When assessing the effect of Qdots on proliferation and differentiation of HLECs, we did not perform clonal analysis. We used a mixed population of cells that will have included holoclones, meroclones, and possibly some paraclones. We cannot therefore be certain whether these results apply specifically to LESCs (holoclones), transient amplifying cells (meroclones), or both.
16,17
Our organ culture transplantation model showed that we could still detect transplanted cells at 14 days after transplantation. At present, there is a reliable method of directly visualizing transplanted ex vivo cultured HLECs transplanted in human patients. Our techniques could be used to monitor cells for up 2 weeks and perhaps longer, depending on the rate of proliferation of transplanted cells. Although it would be desirable to be able to track cells for their entire lifetime, the technology to do this safely in vivo is not currently available. The ability to track cells even for 1 month after transplantation would lead to significant advances in understanding the biological mechanism of action and posttreatment behavior of such transplants.

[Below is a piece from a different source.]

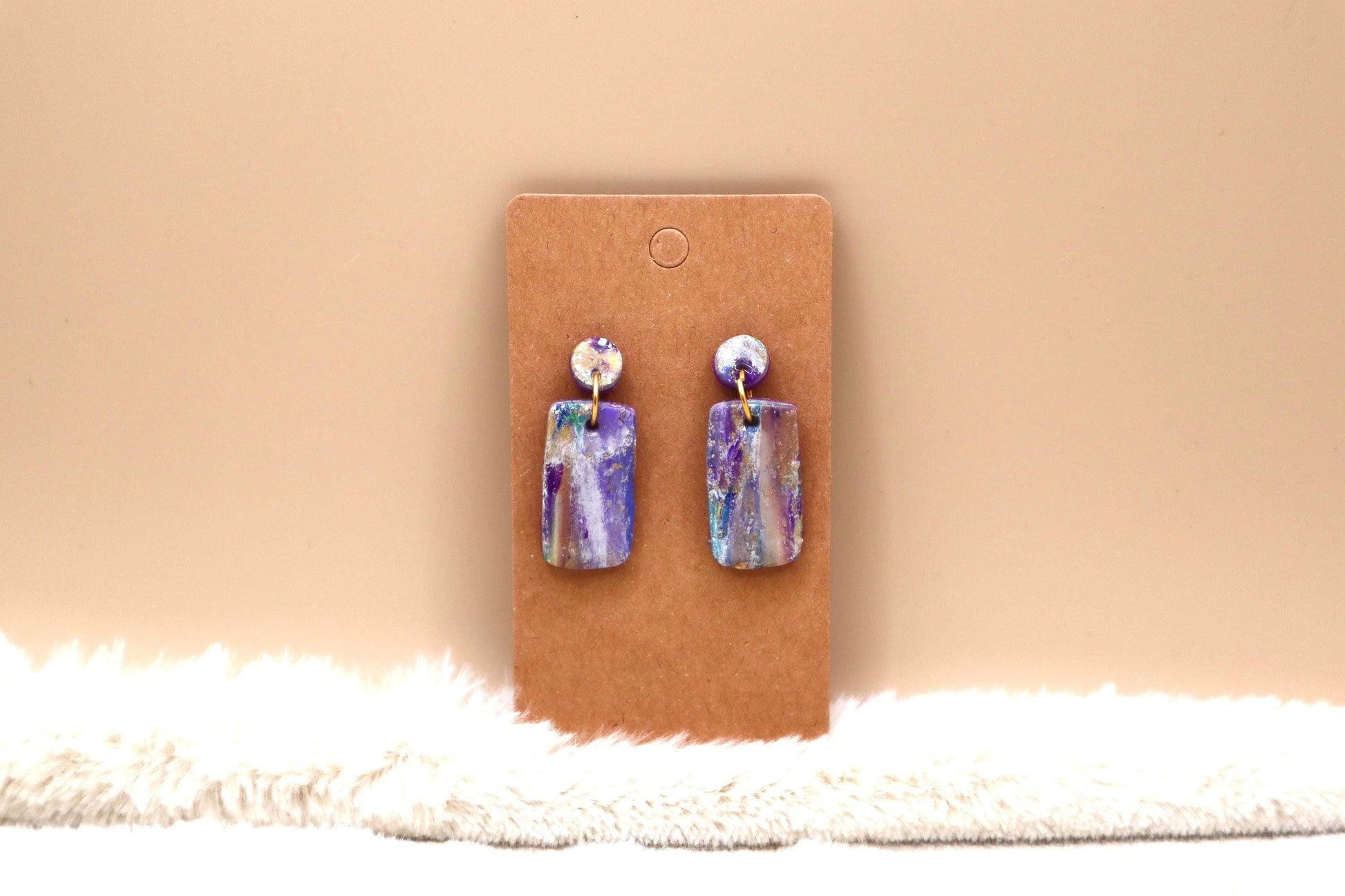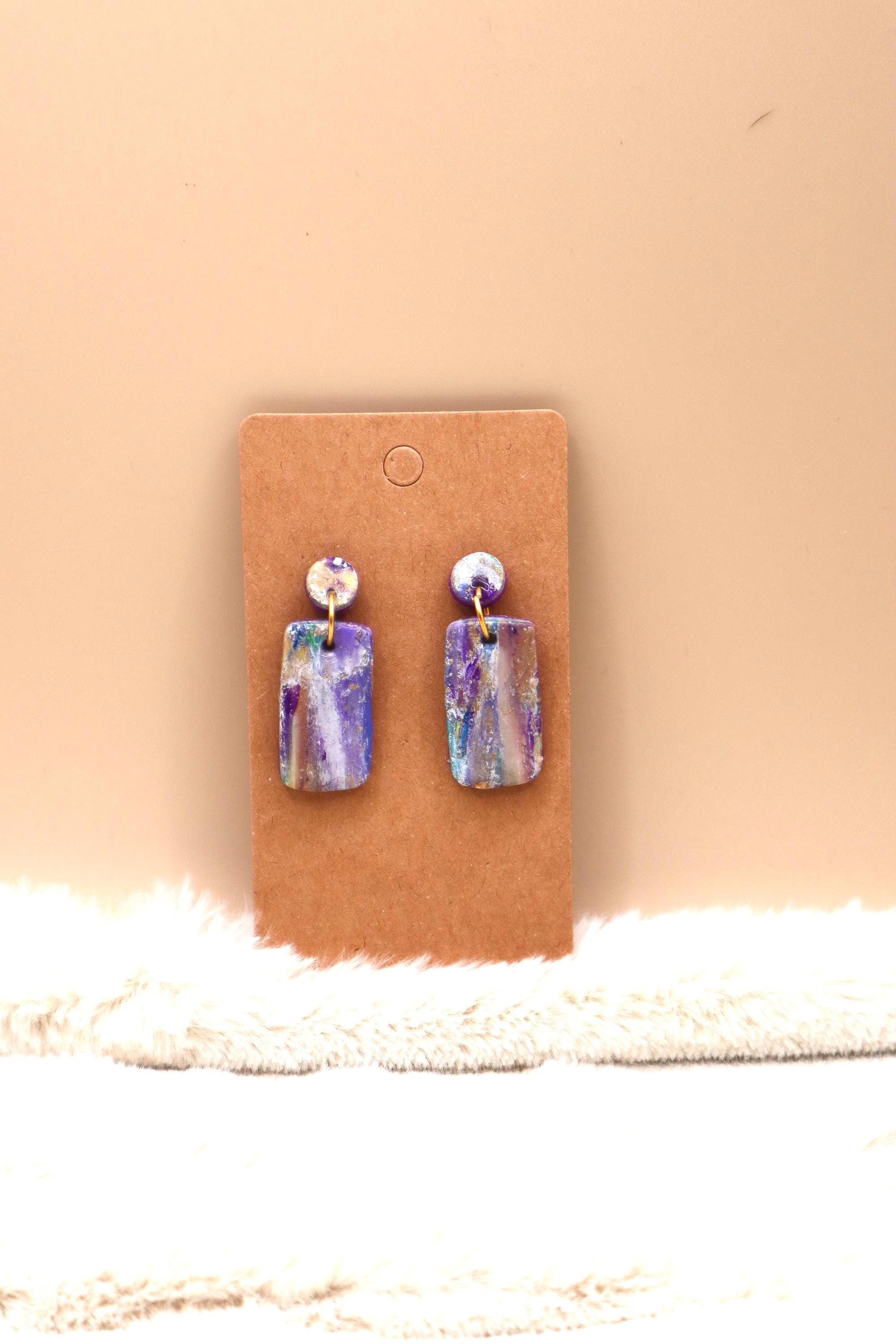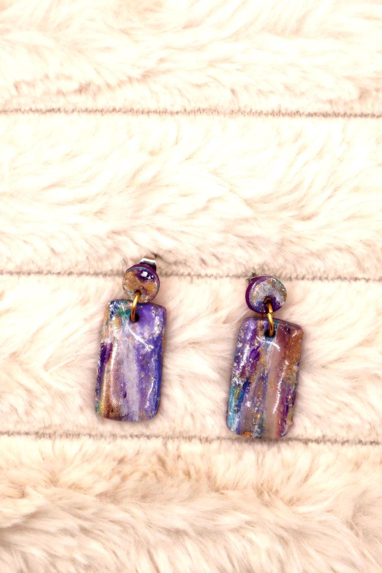 These rectangular purple marble earrings are made with polymer clay , UV resin, and steel. The charms are about 23mm tall. They dangle at around 37mm and come with metal backs.

Based on the observations that LESCs divide infrequently in vivo and therefore retain bromodeoxyuridine longer than their differentiated progeny
26 and that the rate of proliferation determines the rate of label dilution and therefore duration of labeling, we hypothesize that post transplantation cells that divide rapidly, such as transient amplifying cells, will see the number of Qdots in their cytoplasm rapidly reduce to undetectable levels, whereas cells that divide infrequently, as stem cells do, may retain a high number of Qdots. In our organ culture model of HLEC transplantation, it was observed that there was a marked heterogeneity of Qdot signal with the brightest cells containing most Qdots being found in clusters at the limbus. This suggests that the limbus has an effect on the transplanted cells, which the cornea does not. It also suggests that some of these slow-cycling cells may reintegrate into the limbus and remain in a slow-cycling or quiescent state. From our data it is not possible to confirm that these cells possess a limbal stem cell phenotype but further work will aim to investigate whether this is indeed the case.
In vivo confocal microscopy has been increasingly used to investigate the cornea in health and disease. In particular, the Rostock corneal module for the HRT II has enabled cellular-level investigation of corneal structure and the limbal stem cell niche.

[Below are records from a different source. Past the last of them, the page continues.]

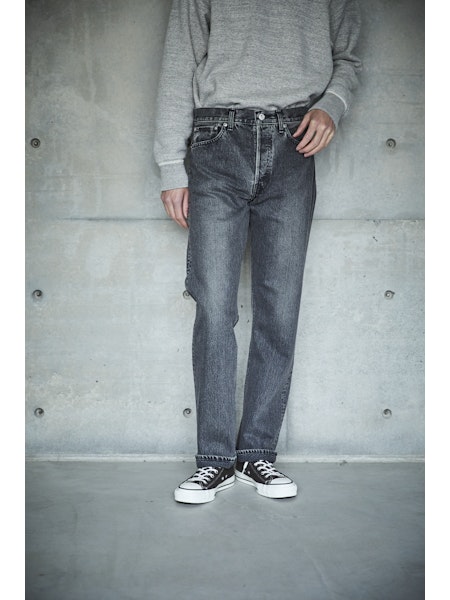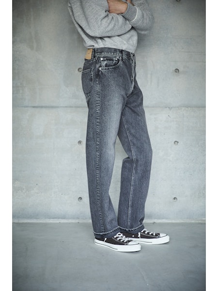These jeans are designed to replicate the unique characteristics of American-made jeans from the 1980s to the 1990s, before the United States began manufacturing jeans in other countries. In the 1980s, denim-weaving technology transitioned from shuttle looms to rapier and Sulzer looms, enabling the efficient production of wide denim fabric with uniform and consistent yarn spinning. During this transitional period, jeans became sturdier and more efficiently produced, maximizing the production process. The way pockets were attached and seams were sewn also changed during this time. Previously, pockets were sewn by hand using cotton thread, but with the introduction of automatic pocket-setter machines, pockets were stitched with robust polyester thread, resulting in a uniform pocket shape. The fabric woven with consistent yarn also had a flatter appearance compared to the previous fabrics, contributing to the distinctive look of jeans from this era. orslow 105W has successfully recreated the jeans from the 1990s, capturing the essence of that period.
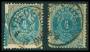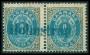 1875. 4 øre grå/blå i sammenholdt par med blåt linie stp. Holmstrup og omv. vm.
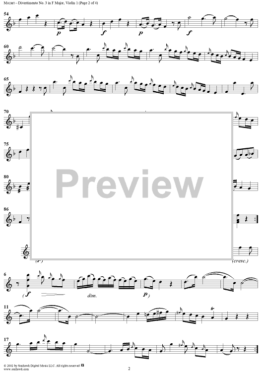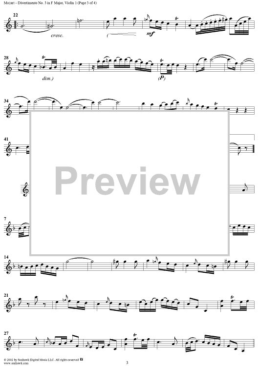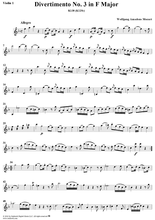 "Divertimento No. 3 in F Major, K138 - Violin 1" Sheet Music by Wolfgang Amadeus Mozart
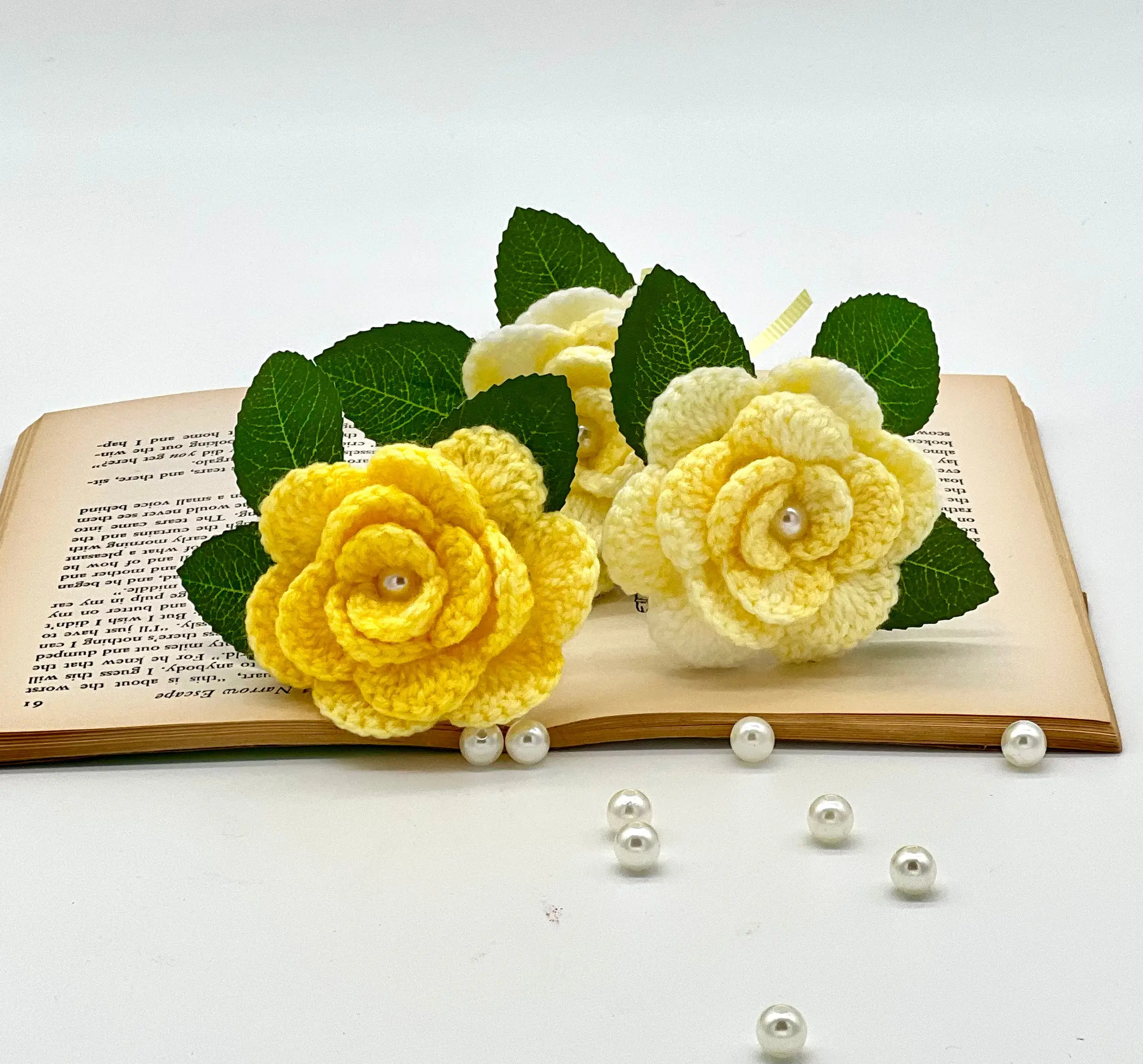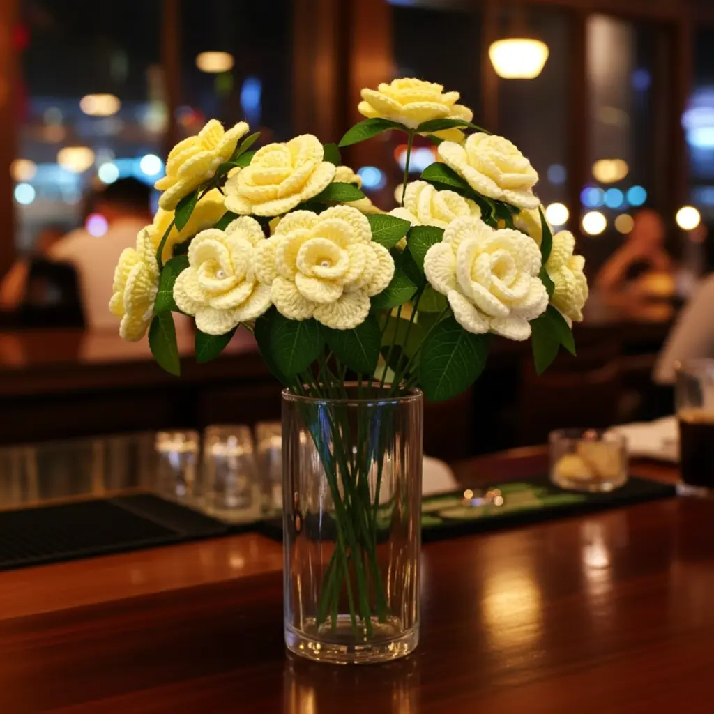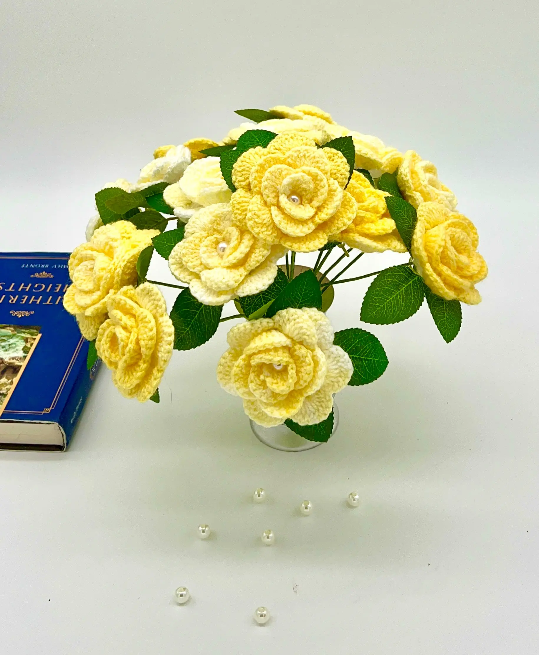 Each yellow rose is individually hand-crocheted from premium soft yarn and finished with a delicate pearl bead at the center for an elegant touch. With bendable wire stems and realistic plastic leaves, this bouquet can be styled to fit any vase or display — and stays beautiful indefinitely.
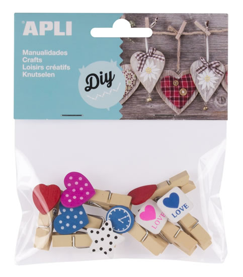 APLI dřevěné kolíčky s ozdobami - mix druhů, barev 8 ks
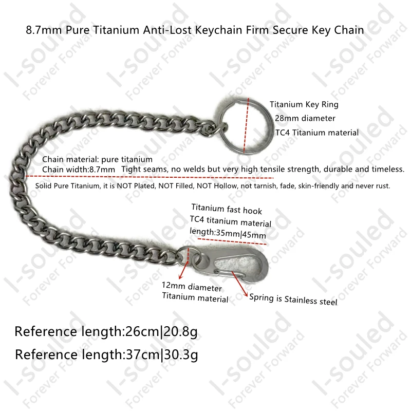 Length included titanium key ring and fast hook:26cm |37cm
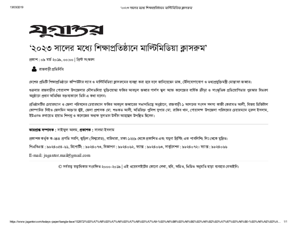 ‘২০২৩ সালের মধ্যে শিক্ষাপ্রতিষ্ঠানে মাল্টিমিডিয়া ক্লাসরুম’ Published on Newspaper দৈনিক যুগান্তর Category ICT Education Download

15,27,28 Our results from ex vivo rabbit corneas demonstrate that the Rostock corneal module can be modified to work with the Heidelberg Spectralis HRA-OCT to enable in vivo detection of cells labeled with Qdots. There is undoubtedly room for a more precisely engineered method of combining in vivo confocal microscopy with fluorescence detection, but the data we present demonstrate that this is technically possible.